The commission finds that the employee's behavior in the last incident was substantially less culpable than the earlier incident for which he signed a last chance agreement, even though that earlier behavior was mitigated by his alcoholism. The commission credited the employee's testimony that he was not careless or negligent in failing to notice that the line had stopped. While the typical noise of the bottles may have been absent given the blockage, the employee was attempting to complete paperwork on an evening where production was extended. The employee was busy with work duties; the warning light did not operate and the filler operator also did not notice the stoppage. His failure was not negligence or carelessness. Similarly, the commission finds the employee credible that he did not think about the safety equipment but instead tried to quickly remedy the stoppage. Finally, while the employee was, in fact, careless in not retrieving his safety equipment before cutting the bands, the commission treats this failure as an isolated incident of poor judgment. His behavior did not constitute misconduct even in light of the last chance agreement.

The commission therefore finds that in week 50 of 2004, the employee was discharged but not for misconduct connected with his work for the employer within the meaning of Wis. Stat. § 108.04(5).

DECISION

The appeal tribunal decision is reversed. Accordingly, the employee is eligible for benefits beginning in week 50 of 2004, if otherwise qualified.

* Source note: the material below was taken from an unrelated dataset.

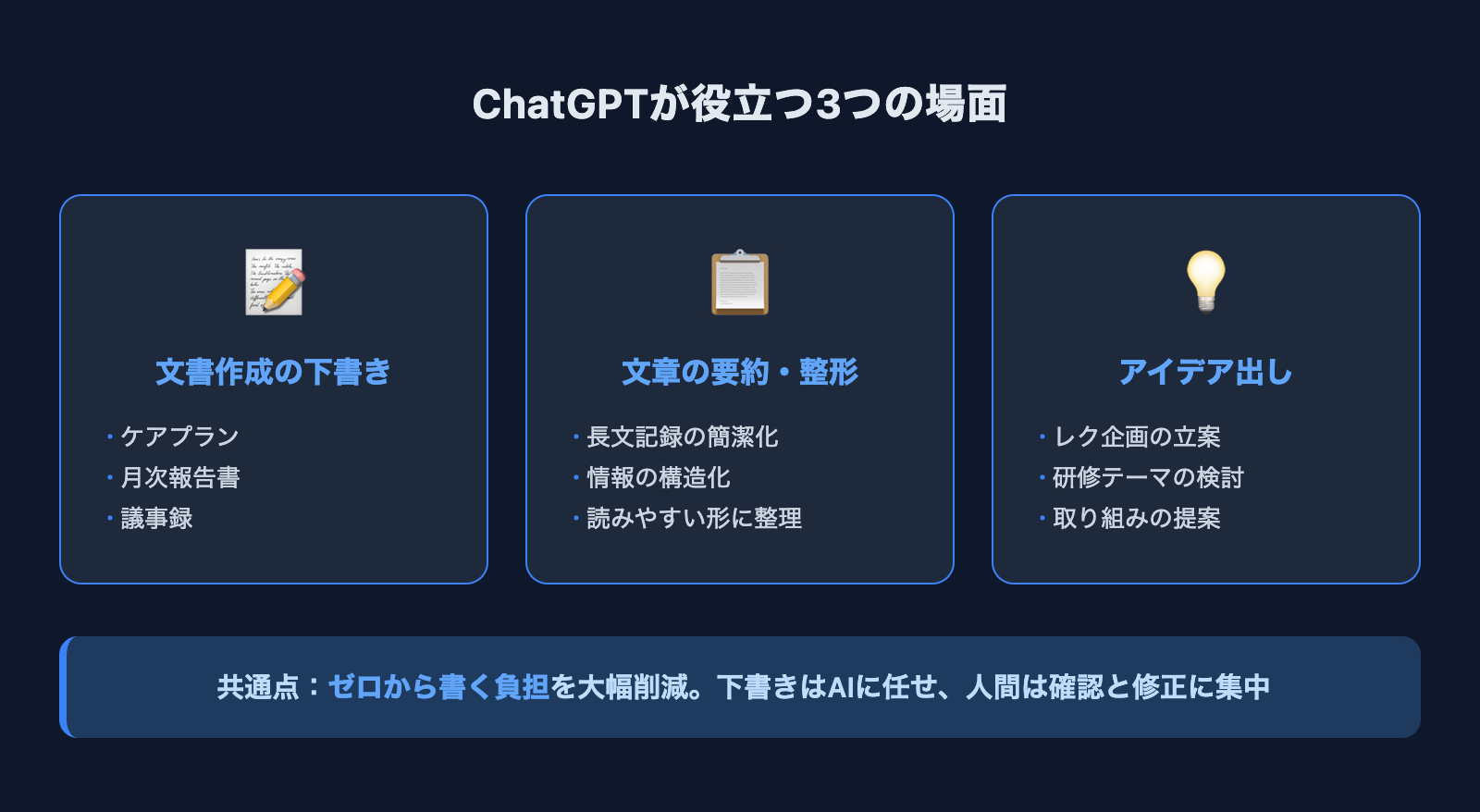 共通しているのは、「ゼロから文章を書く」負担を大幅に減らせるということです。下書きをChatGPTに任せ、人間は内容の確認と修正に集中する。この使い方が介護現場には最もフィットします。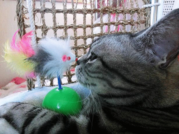 ↑玩具の匂いを嗅いでます。遊んでごらん、楽しいよ♪

Dated and mailed May 24, 2005
pittsja . urr : 150 : 1  MC 688.1  MC 695

/s/ James T. Flynn, Chairman

/s/ David B. Falstad, Commissioner

/s/ Robert Glaser, Commissioner

 

NOTE: The commission conferred with the administrative law judge prior to reversing the decision. The administrative law judge did not cite any specific demeanor evidence that led to credibility determinations. He concluded that the employee should have been able to hear the bottles clinking unless distracted. The commission does not disagree with this analysis but instead finds that the employee was distracted by the paperwork duties and did not realize the error. The commission reaches a different conclusion based on its review of the evidence of record, as detailed above.